• **DATA EXTRACT**
● ● ● ● ●

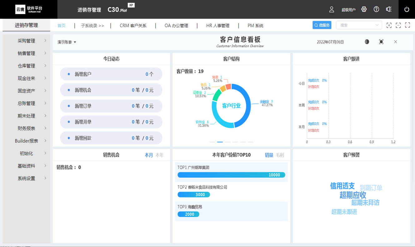 云境-C30.Plat XP 进销存财务管理系统软件是:一套完整的企业业务管理系统。系统高效的实现了进货管理,销售管理,仓储管理,财务管理 ...等,并科学地融入Builder-II二次研发工具,有着极好易用性和实用性。软件平台支持多个子系统模块插件并行应用,实现子系统与主系统数据共享、数据穿透、业务关联。扩张了企业管理的应用,有着极好的易用性和实用性,全面提升了企业的管理能力。优越的技术架构支持系统云应用、桌面应用、APP 应用。
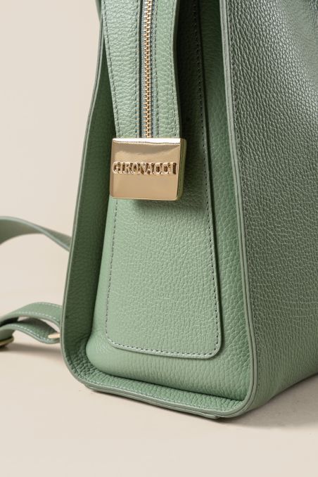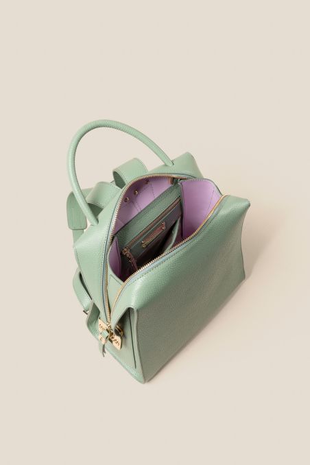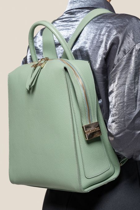 Zaino compatto, perfetto per il tempo libero e per il lavoro. Il modello è realizzato in preziosa pelle di vitello bottalato accoppiata internamente con pellame di colore a contrasto.
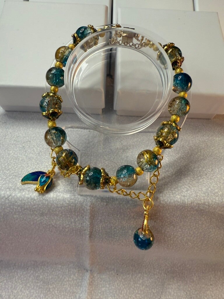 Add instant elegance with this 7-inch handcrafted bracelet featuring shimmering teal-and-gold glass beads, accented with luxe golden findings. A dangling bead and enamel leaf charm bring a playful touch of color, while the magnetic closure makes it easy to wear yet secure. Strung on durable wire, this bracelet blends sophistication with practicality—perfect for elevating your everyday look or gifting someone special.

● ● ● ● ●

• **EXERCISE PROMPT**
Please copy out each line above exactly as written, but not the pictures.

• **SOLVED PROBLEM**
 云境-C30.Plat XP 进销存财务管理系统软件是:一套完整的企业业务管理系统。系统高效的实现了进货管理,销售管理,仓储管理,财务管理 ...等,并科学地融入Builder-II二次研发工具,有着极好易用性和实用性。软件平台支持多个子系统模块插件并行应用,实现子系统与主系统数据共享、数据穿透、业务关联。扩张了企业管理的应用,有着极好的易用性和实用性,全面提升了企业的管理能力。优越的技术架构支持系统云应用、桌面应用、APP 应用。
 Zaino compatto, perfetto per il tempo libero e per il lavoro. Il modello è realizzato in preziosa pelle di vitello bottalato accoppiata internamente con pellame di colore a contrasto.
 Add instant elegance with this 7-inch handcrafted bracelet featuring shimmering teal-and-gold glass beads, accented with luxe golden findings. A dangling bead and enamel leaf charm bring a playful touch of color, while the magnetic closure makes it easy to wear yet secure. Strung on durable wire, this bracelet blends sophistication with practicality—perfect for elevating your everyday look or gifting someone special.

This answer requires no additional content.